Data extract:
Segment Open

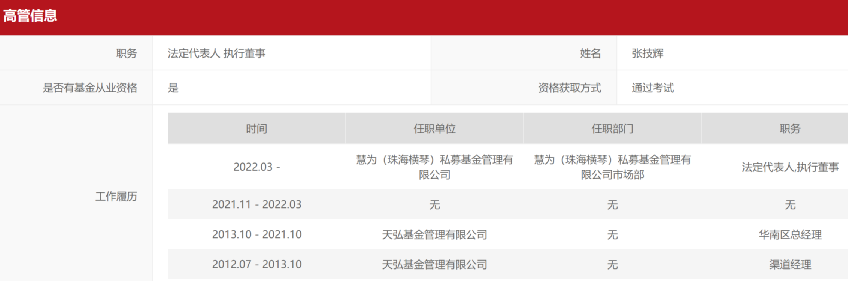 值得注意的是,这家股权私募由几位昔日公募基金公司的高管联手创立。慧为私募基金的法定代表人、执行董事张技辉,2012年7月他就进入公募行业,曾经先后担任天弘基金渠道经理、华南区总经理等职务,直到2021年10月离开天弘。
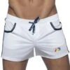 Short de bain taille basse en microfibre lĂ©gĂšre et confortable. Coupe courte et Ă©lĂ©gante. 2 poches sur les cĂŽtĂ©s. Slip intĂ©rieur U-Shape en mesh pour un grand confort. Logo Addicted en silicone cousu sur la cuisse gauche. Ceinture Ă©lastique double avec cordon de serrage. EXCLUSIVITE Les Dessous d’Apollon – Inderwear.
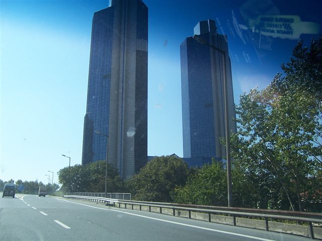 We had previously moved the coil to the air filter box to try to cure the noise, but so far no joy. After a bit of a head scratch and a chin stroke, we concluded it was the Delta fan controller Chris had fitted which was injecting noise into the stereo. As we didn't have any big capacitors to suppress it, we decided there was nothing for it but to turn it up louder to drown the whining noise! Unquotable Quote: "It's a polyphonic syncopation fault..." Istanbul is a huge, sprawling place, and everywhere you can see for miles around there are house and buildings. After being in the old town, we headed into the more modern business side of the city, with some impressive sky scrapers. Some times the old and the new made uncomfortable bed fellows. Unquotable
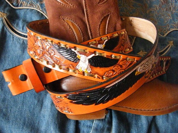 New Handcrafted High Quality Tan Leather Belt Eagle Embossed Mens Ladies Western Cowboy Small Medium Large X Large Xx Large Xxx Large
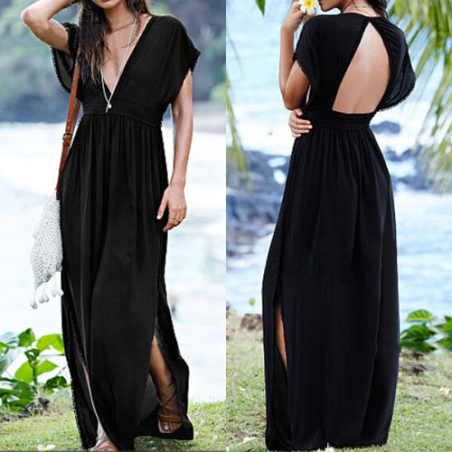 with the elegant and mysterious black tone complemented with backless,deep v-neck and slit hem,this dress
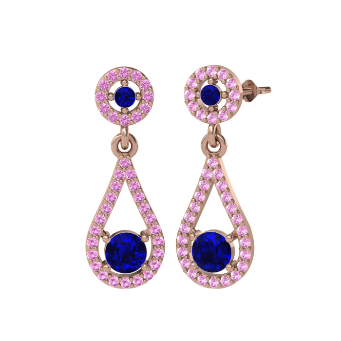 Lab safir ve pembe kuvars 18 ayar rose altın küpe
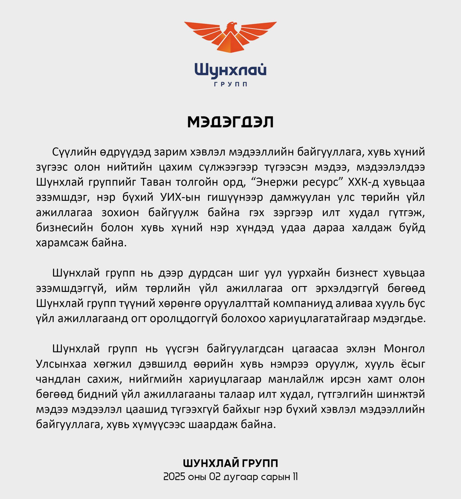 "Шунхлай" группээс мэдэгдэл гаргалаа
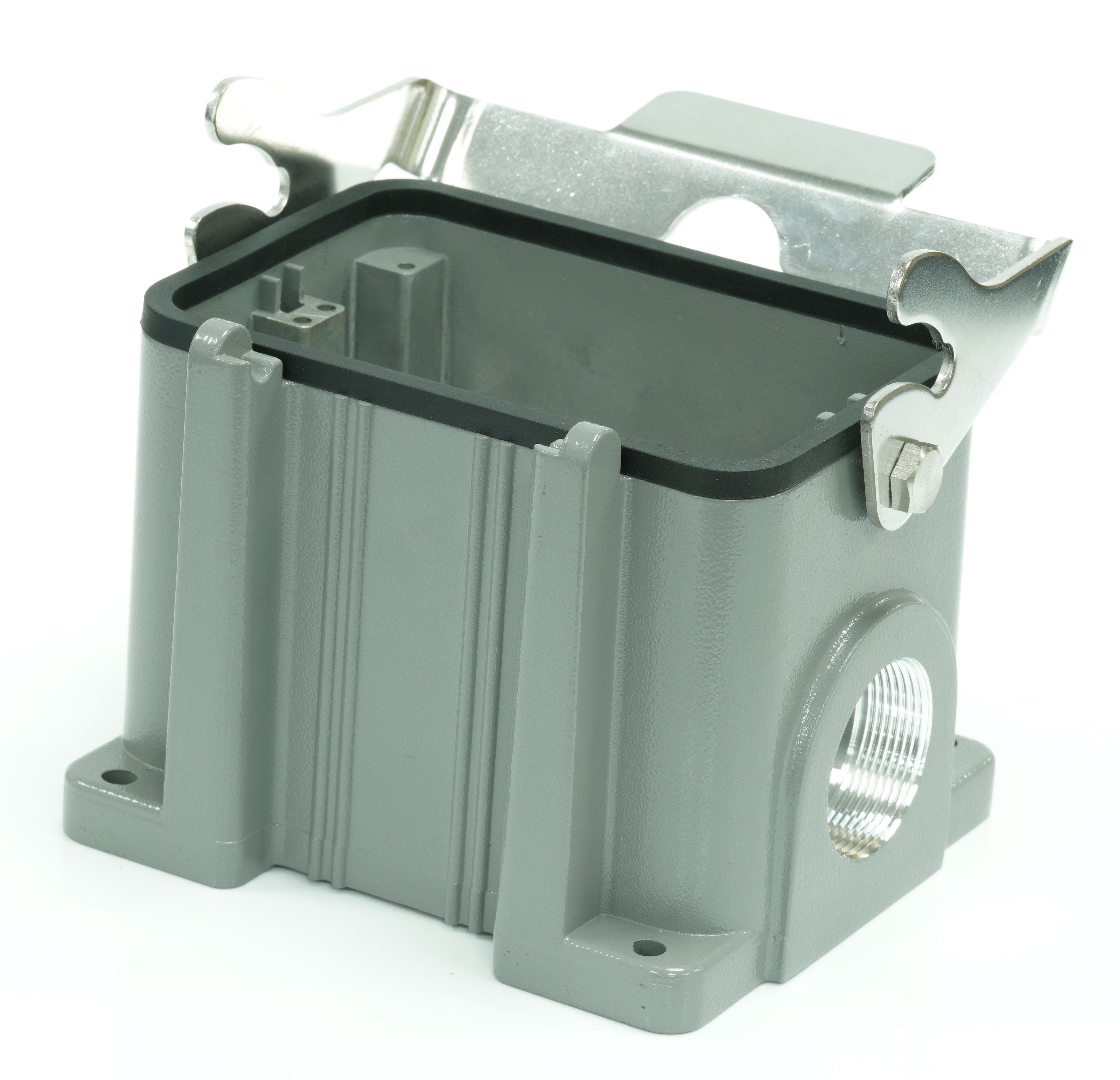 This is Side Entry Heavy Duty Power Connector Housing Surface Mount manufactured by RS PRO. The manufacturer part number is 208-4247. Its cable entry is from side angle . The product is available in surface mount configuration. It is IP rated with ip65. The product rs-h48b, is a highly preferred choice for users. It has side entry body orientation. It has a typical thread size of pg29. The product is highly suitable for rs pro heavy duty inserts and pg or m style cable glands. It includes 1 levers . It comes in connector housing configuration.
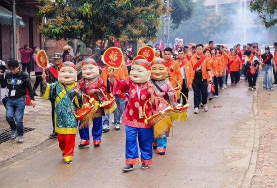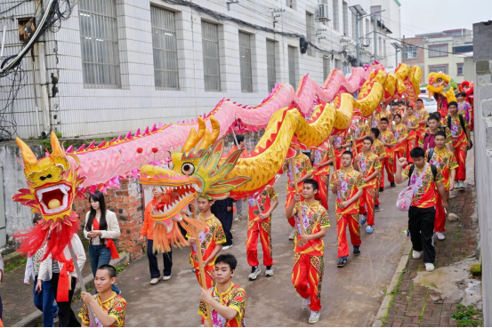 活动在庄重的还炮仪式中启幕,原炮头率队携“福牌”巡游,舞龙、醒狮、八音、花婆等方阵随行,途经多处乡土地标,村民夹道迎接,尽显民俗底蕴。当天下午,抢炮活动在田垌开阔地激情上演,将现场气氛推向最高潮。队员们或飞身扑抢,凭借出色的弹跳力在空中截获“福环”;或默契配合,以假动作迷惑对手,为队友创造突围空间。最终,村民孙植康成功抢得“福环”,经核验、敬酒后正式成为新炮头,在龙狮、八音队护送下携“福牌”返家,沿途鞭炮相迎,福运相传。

Segment Closed
Segment Open

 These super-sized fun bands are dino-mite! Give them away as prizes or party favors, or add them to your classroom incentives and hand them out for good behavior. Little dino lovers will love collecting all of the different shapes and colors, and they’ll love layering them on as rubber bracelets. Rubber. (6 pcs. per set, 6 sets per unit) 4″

Segment Closed
Segment Open

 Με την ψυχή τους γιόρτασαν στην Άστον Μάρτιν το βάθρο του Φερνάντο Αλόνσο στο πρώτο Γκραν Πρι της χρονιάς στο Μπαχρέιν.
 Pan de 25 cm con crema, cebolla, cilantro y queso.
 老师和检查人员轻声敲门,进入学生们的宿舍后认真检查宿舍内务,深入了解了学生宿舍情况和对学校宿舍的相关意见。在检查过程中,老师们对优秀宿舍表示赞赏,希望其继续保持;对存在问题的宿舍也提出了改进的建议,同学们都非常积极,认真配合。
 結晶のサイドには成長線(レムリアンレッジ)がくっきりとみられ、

Segment Closed

Work request: In the listing above, find the line with "Lab safir ve" and the line with "活动在庄重的还炮仪式中启幕,原炮头率队携". Copy exactly those lines and all between them, minus the images.

Response to this task:
 Lab safir ve pembe kuvars 18 ayar rose altın küpe
 "Шунхлай" группээс мэдэгдэл гаргалаа
 This is Side Entry Heavy Duty Power Connector Housing Surface Mount manufactured by RS PRO. The manufacturer part number is 208-4247. Its cable entry is from side angle . The product is available in surface mount configuration. It is IP rated with ip65. The product rs-h48b, is a highly preferred choice for users. It has side entry body orientation. It has a typical thread size of pg29. The product is highly suitable for rs pro heavy duty inserts and pg or m style cable glands. It includes 1 levers . It comes in connector housing configuration.
 活动在庄重的还炮仪式中启幕,原炮头率队携“福牌”巡游,舞龙、醒狮、八音、花婆等方阵随行,途经多处乡土地标,村民夹道迎接,尽显民俗底蕴。当天下午,抢炮活动在田垌开阔地激情上演,将现场气氛推向最高潮。队员们或飞身扑抢,凭借出色的弹跳力在空中截获“福环”;或默契配合,以假动作迷惑对手,为队友创造突围空间。最终,村民孙植康成功抢得“福环”,经核验、敬酒后正式成为新炮头,在龙狮、八音队护送下携“福牌”返家,沿途鞭炮相迎,福运相传。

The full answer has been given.